Some of the arms
believed to have been diverted were earmarked for a leader of the al
Qaeda-linked Islamist militant group al Shabaab, the monitors said in
their report, which was obtained by Reuters.
In its 14-page report to
the Security Council's sanctions committee, the U.N. Somalia and
Eritrea Monitoring Group recommends either restoring the full arms
embargo or at least tightening notification and reporting requirements
related to arms deliveries.
"The Monitoring Group
has identified a number of issues and concerns over current management
of weapons and ammunition stockpiles by the Federal Government of
Somalia (FGS), which point to high-level and systematic abuses in
weapons and ammunition management and distribution," the report said.
The panel of independent experts tracks compliance with the U.N. Somalia-Eritrea sanctions regime.
The 15-nation council's
decision to ease Somalia's decades-old arms embargo last March was a
controversial one, although Washington supported the Somali government's
appeals for restrictions to be relaxed to enable it to better arm its
security forces to fight al Shabaab.
The new report details
difficulties the monitors have had in getting access to weapons
stockpiles in Somalia and information about its growing arsenal. It says
the government cancelled several inspections of armouries that the
monitors and U.N. officials had planned to undertake.
DISCREPANCIES
The monitors describe
how parts of shipments of weapons from Uganda and Djibouti, including
assault rifles, rocket launchers, grenades and ammunition, "could not be
accounted for". The report also mentioned discrepancies in accounts of
what had happened to arms sent from Ethiopia.
"Given the gaps in
information ... it is impossible to quantify what the scale of diversion
of weapons stocks has been," the report said. "However, the Monitoring
Group has obtained other pieces of qualitative evidence that point
towards systematic abuses by the (Somali army)."
The Security Council
imposed the embargo on Somalia in 1992 to cut the flow of weapons to
feuding warlords, who a year earlier had ousted dictator Mohamed Siad
Barre and plunged the country into civil war.

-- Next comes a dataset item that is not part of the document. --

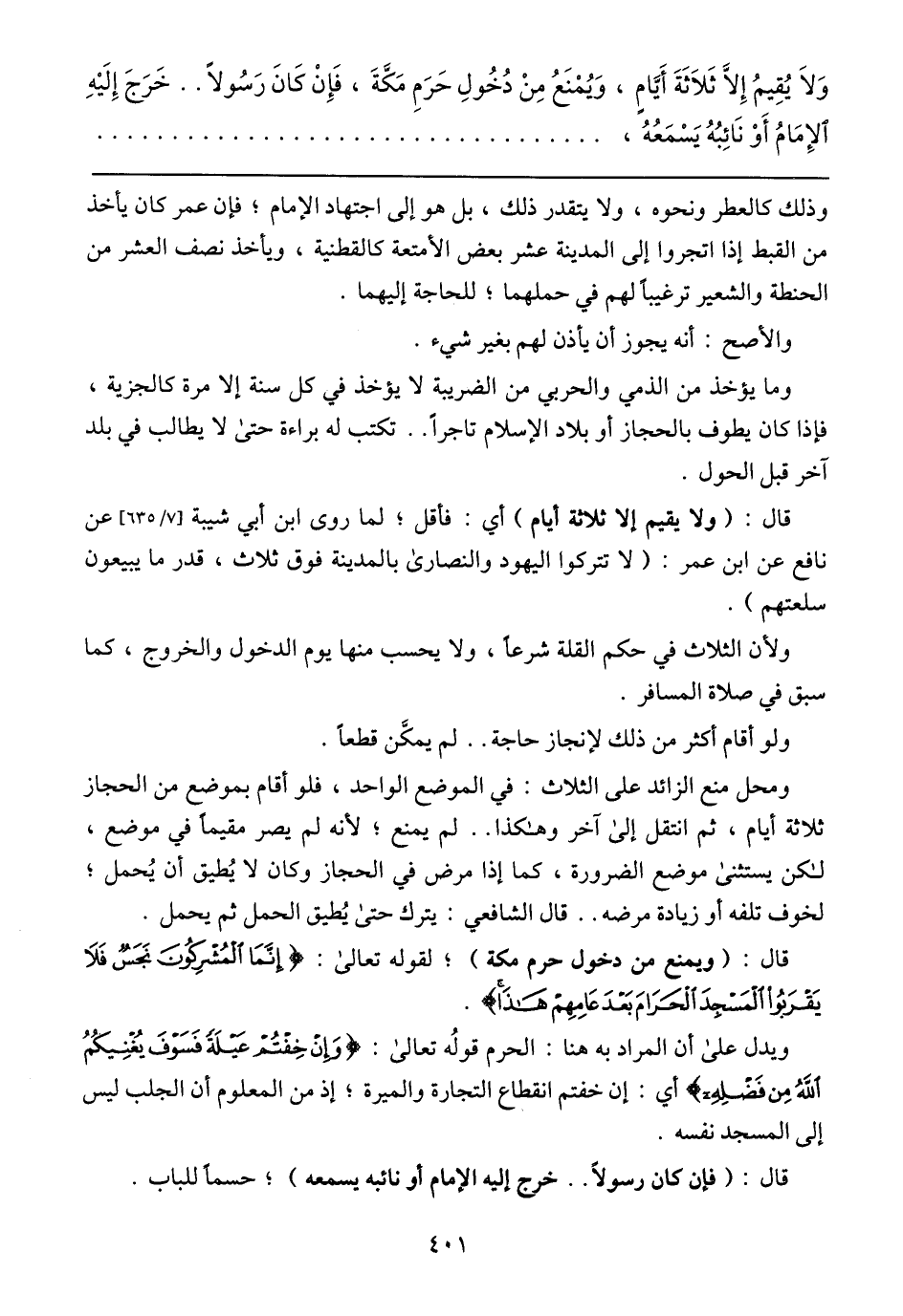 وَلَا يُقِيمُ إِلَّا ثَلَاثَةَ أَيَّامٍ، وَيُمْنَعُ مِنْ دُخُولِ حَرَمِ مَكَّةَ، فَإِنْ كَانَ رَسُولًا ... خَرَجَ إِلَيْهِ الإِمَامُ أَوْ نَائِبُهُ يَسْمَعُهُ،

Somalia was virtually lawless until 2012, when it held its first vote in 21 years to elect a president and prime minister.
The monitors said they
had identified at least two clan-based "centers of gravity" for arms
procurement within Somali government structures that were distributing
arms to "parallel security forces and clan militias that are not part of
the Somali security forces".
One of those groups is
within the Abgaal sub-clan of Somali President Hassan Sheikh Mohamud,
who last month said he wanted the U.N. Security Council to extend the
partial lifting of the embargo when it expires in March because
government troops needed more and better equipment to battle al Shabaab.
"A key adviser to the
president, from his Abgaal sub-clan, has been involved in planning
weapons deliveries to al Shabaab leader Sheikh Yusuf Isse ... who is
also Abgaal," the report said.
Mohamud told Reuters in
January his government had met all conditions related to the partial
lifting of the embargo. "We have been following the instructions of the
Security Council and the committee that has been assigned ... to
monitor," he said.
GOVERNMENT MINISTER
The report also referred
to the role played by a Somali government minister from the Habar Gedir
sub-clan in relation to arms purchases from a "foreign government in
the Gulf" - a government the report does not identify.
"The Monitoring Group
has received credible evidence of un-notified weapons deliveries by air
from the Gulf state to Mogadishu during the course of October 2013,
which would constitute a direct violation of the arms embargo," it said.
"Indeed, after delivery, some of the weapons were moved to a private location in Mogadishu," the monitors said.
The easing of the U.N.
arms embargo has allowed sales of such weapons as automatic assault
rifles and rocket-propelled grenades, but left in place a ban on
surface-to-air missiles, large-calibre guns, howitzers, cannons and
mortars as well as anti-tank guided weapons, mines and night-vision
weapon sights.
"The trends described
above demonstrate that the implementation of the (government's) security
policy is being captured by clan and sub-clan politics," the report
said.
"Weapons distribution
along clan lines for the prosecution of clan warfare is ultimately
reducing the prospect of a cohesive strategy by the (government) against
al Shabaab."
The report said private arms markets had popped up in Mogadishu, where weapons diverted from the army had been sold.
The monitoring group
presented eight options for the arms embargo when the current easing
expires next month. They range from lifting the embargo altogether to
restoring the full embargo and possibly adding new measures.
It recommended either
restoring the full embargo or at least keeping it as is and introducing
stricter rules on notification and reporting to the U.N. sanctions
committee.
It also suggested the
possibility of beefing up the U.N. mission in Somalia by attaching a
verification team to track arms deliveries and stockpiles in Somalia.